Published/Copyright: April 7, 2023

Abstract

Trajectory planning for autonomous cars can be addressed by primitive-based methods, which encode nonlinear dynamical system behavior into automata. In this paper, we focus on optimal trajectory planning. Since, typically, multiple criteria have to be taken into account, multiobjective optimization problems have to be solved. For the resulting Pareto-optimal motion primitives, we introduce a universal automaton, which can be reduced or reconfigured according to prioritized criteria during planning. We evaluate a corresponding multi-vehicle planning scenario with both simulations and laboratory experiments.

Zusammenfassung

Die Trajektorienplanung autonomer Fahrzeuge kann basierend auf Bewegungsprimitiven erfolgen. Diese kodieren nichtlineares Systemverhalten in diskrete Automaten. In diesem Aufsatz betrachten wir die optimale Trajektorienplanung. Da typischerweise mehrere Optimierungskriterien zu berücksichtigen sind, müssen multikriterielle Optimierungsprobleme gelöst werden. Für die resultierenden Pareto-optimalen Bewegungsprimitiven stellen wir einen universellen Automaten vor. Dieser kann während der Planung, je nach priorisierten Kriterien, reduziert oder rekonfiguriert werden. Wir evaluieren den Ansatz für ein Planungsszenario mit mehreren Fahrzeugen sowohl in Simulationen als auch in Laborexperimenten.

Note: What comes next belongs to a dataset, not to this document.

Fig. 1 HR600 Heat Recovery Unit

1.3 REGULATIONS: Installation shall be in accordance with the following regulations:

Corresponding author: Matheus V. A. Pedrosa, Chair of Systems Modeling and Simulation, Systems Engineering, Saarland University, Saarbrücken, Germany, E-mail: .

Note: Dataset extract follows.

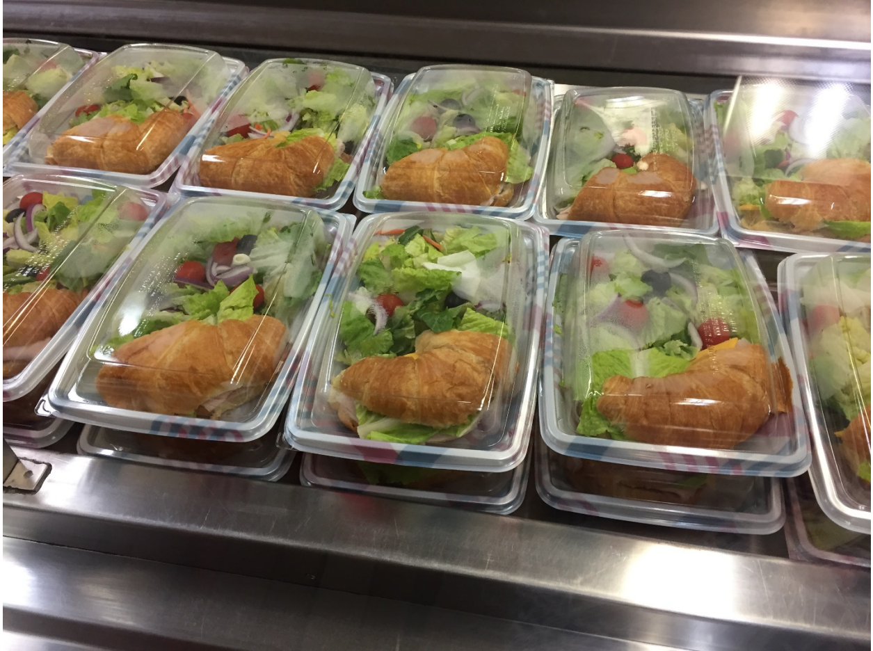
Chino Valley Unified School District caterer Vicki Gullotti prepared food for the luncheon, including these turkey sandwiches and salad.

Funding source: Deutsche Forschungsgemeinschaft

Award Identifier / Grant number: Unassigned

About the authors

Matheus V. A. Pedrosa

Matheus V. A. Pedrosa received the bachelor's degree in computer engineering from the Federal University of Rio Grande do Norte, Natal, Brazil, in 2016, and the master's degree in automation and systems engineering from the Federal University of Santa Catarina, Florianópolis, Brazil, in 2018. He is currently pursuing the Ph.D. degree with the Chair of Systems Modeling and Simulation, Department of Systems Engineering, Saarland University, Saarbrücken, Germany, under the supervision of Prof. Dr. Kathrin Flaßkamp.

Patrick Scheffe

Patrick Scheffe received the B.Sc. degree in mechanical engineering and the M.Sc. degree in automation engineering from RWTH Aachen University, Aachen, Germany, in 2016 and 2019, respectively, where he is currently pursuing the Ph.D. degree in computer science with the Chair of Embedded Software. His research interests include distributed decision-making for networked control systems and its application to connected and autonomous vehicles.

Bassam Alrifaee

Bassam Alrifaee received the Ph.D. degree from the Institute of Automatic Control, RWTH Aachen University, Aachen, Germany, in 2017. From 2011 to 2017, he was a Research Associate with the Institute of Automatic Control, RWTH Aachen University. He is currently a Senior Researcher and a Lecturer with the Chair of Embedded Software, RWTH Aachen University. He is the Founder of the Cyber-Physical Mobility Group and Lab, Aachen, Germany. His research interests include: 1) networked control systems; 2) service-oriented software architectures for control systems; and 3) applications of 1) and 2) to connected and autonomous vehicles. He is a principal investigator of several projects.

Kathrin Flaßkamp

Kathrin Flaßkamp received the Diploma degree in technomathematik (applied mathematics with engineering) and the Ph.D. (Dr.rer.nat.) degree in mathematics from Paderborn University, Paderborn, Germany, in 2008 and 2013, respectively. She is currently a Full Professor of Systems Modeling and Simulation with Saarland University, Saarbrücken, Germany. Her research is within the field of modeling, simulation, optimization, and control, focusing on the development of numerical methods and on applications.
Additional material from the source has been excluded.